Referring to fig. 17, the second usage mode is an individual ice making mode in which the refrigeration system has an ice making function alone. At this time, the four-way valve 17 is in the first operation state, and both the first three-way valve 19 and the second three-way valve 110 are in the second operation state. Specifically, the refrigerant in the compressor 16 flows through the air outlet 161 and the four-way valve 17 to the condenser 18 for condensation, the refrigerant in the condenser 18 flows only to the ice making pipe 3 through the first three-way valve 19 for cooling, the ice making pipe 3 makes ice in the ice making box 2, and the evaporator 152 stops operating. The refrigerant in the ice making pipe 3 passes through the second three-way valve 110, the four-way valve 17, and the return air port 162 in order, and returns to the compressor 16, where it is compressed again, thereby realizing a separate ice making function. At this time, in the ice making compartment 13, direct cooling ice making may be separately performed on the ice making housing 2 through the ice making pipe 3.

Referring to fig. 17, the third usage mode is a single cooling mode in which the cooling system has a cooling function alone. At this time, the four-way valve 17 is in the first operation state, and both the first three-way valve 19 and the second three-way valve 110 are in the third operation state. Specifically, the refrigerant in the compressor 16 flows through the air outlet 161 and the four-way valve 17 to the condenser 18 for condensation, the refrigerant in the condenser 18 flows only to the evaporator 152 through the first three-way valve 19 for cooling, the ice making pipe 3 stops working, and the evaporator 152 cools the cooling compartment in the refrigerator. The refrigerant in the evaporator 152 passes through the second three-way valve 110, the four-way valve 17, and the return port 162 in this order, and returns to the compressor 16, where it is compressed again, thereby achieving a separate refrigeration function. At this time, the ice making function of the ice making housing 2 is stopped in the ice making chamber 13.

Referring to fig. 17, the fourth mode of use is an ice-shedding mode, in which the refrigeration system has an ice-shedding function. At this time, the four-way valve 17, the first three-way valve 19, and the second three-way valve 110 are all in the second operation state.
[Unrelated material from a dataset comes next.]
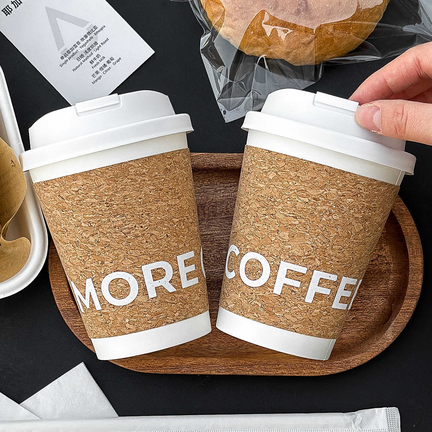 软木杯一次性咖啡杯子带盖创意便携热饮外卖打包奶茶纸杯定制logo

Specifically, the refrigerant in the compressor 16 flows into the ice making pipe 3 only through the air outlet 161, the four-way valve 17 and the second three-way valve 110 to be condensed, at this time, the refrigerant in the ice making pipe 3 generates heat to the outside, at this time, the ice making box 2 is turned over, and the heat is transferred into the ice making box 2 through contact, so that the ice cubes are separated from the ice making box 2, and the ice removing function of the ice making box 2 is realized. The refrigerant in the ice making tube 3 flows through the first three-way valve 19 to the condenser 18 to cool, and the refrigerant in the condenser 18 returns to the compressor 16 through the four-way valve 17 and the return air port 162 to be compressed again.

Referring to fig. 17, the fifth usage mode is a defrosting mode, and the refrigeration system has a defrosting function in this mode. At this time, the four-way valve 17 is in the second operation state, and both the first three-way valve 19 and the second three-way valve 110 are in the third operation state. Specifically, the refrigerant in the compressor 16 flows only to the evaporator 152 through the discharge port 161, the four-way valve 17, and the second three-way valve 110, and is condensed, and at this time, the evaporator 152 generates heat to the outside, and further, the frost condensed on the evaporator 152 can be melted, and the defrosting function of the evaporator 152 can be realized. The refrigerant in the evaporator 152 flows to the condenser 18 through the first three-way valve 19 to be cooled, and the refrigerant in the condenser 18 returns to the compressor 16 through the four-way valve 17 and the return port 162 to be compressed again.

It should be noted that in other embodiments, the deicing mode and the defrosting mode may be performed simultaneously. At this time, the four-way valve 17 is in the second operation state, and both the first three-way valve 19 and the second three-way valve 110 are in the first operation state.

Referring to fig. 6 and 17, in some embodiments, the refrigeration system further includes a first capillary tube 112 and a second capillary tube 113. The first capillary 112 is provided between the second port of the first three-way valve 19 and the ice making pipe 3. The second capillary 113 is provided between the third port of the first three-way valve 19 and the evaporator 152. The refrigerant flowing out of the condenser 18 can be throttled and depressurized by the first capillary tube 112 and then flows to the ice making tube 3. The refrigerant flowing out of the condenser 18 can also be throttled and depressurized by the second capillary tube 113 and then flow to the evaporator 152.

In some embodiments, the length of the first capillary tube 112 is set to be greater than that of the second capillary tube 113, so that the throttling and pressure reduction effects of the first capillary tube 112 are improved, a larger pressure drop is realized, and the evaporation temperature of the ice making tube 3 is reduced, by the length design of the first capillary tube 112, the refrigeration temperature of the ice making tube 3 can be between-25 ℃ and-30 ℃, and by reducing the temperature of the ice making tube 3 during ice making, the ice making efficiency of the ice making box 2 is improved, and rapid ice making is further realized.

Referring to fig. 17, in some embodiments, the refrigeration system further includes a dry filter 114. The dry filter 114 is provided between the condenser 18 and the first port of the first three-way valve 19. The filter drier 114 serves to dry and filter the refrigerant. The refrigerant flowing between the condenser 18 and the first three-way valve 19 can be both dried and filtered by the dry filter 114.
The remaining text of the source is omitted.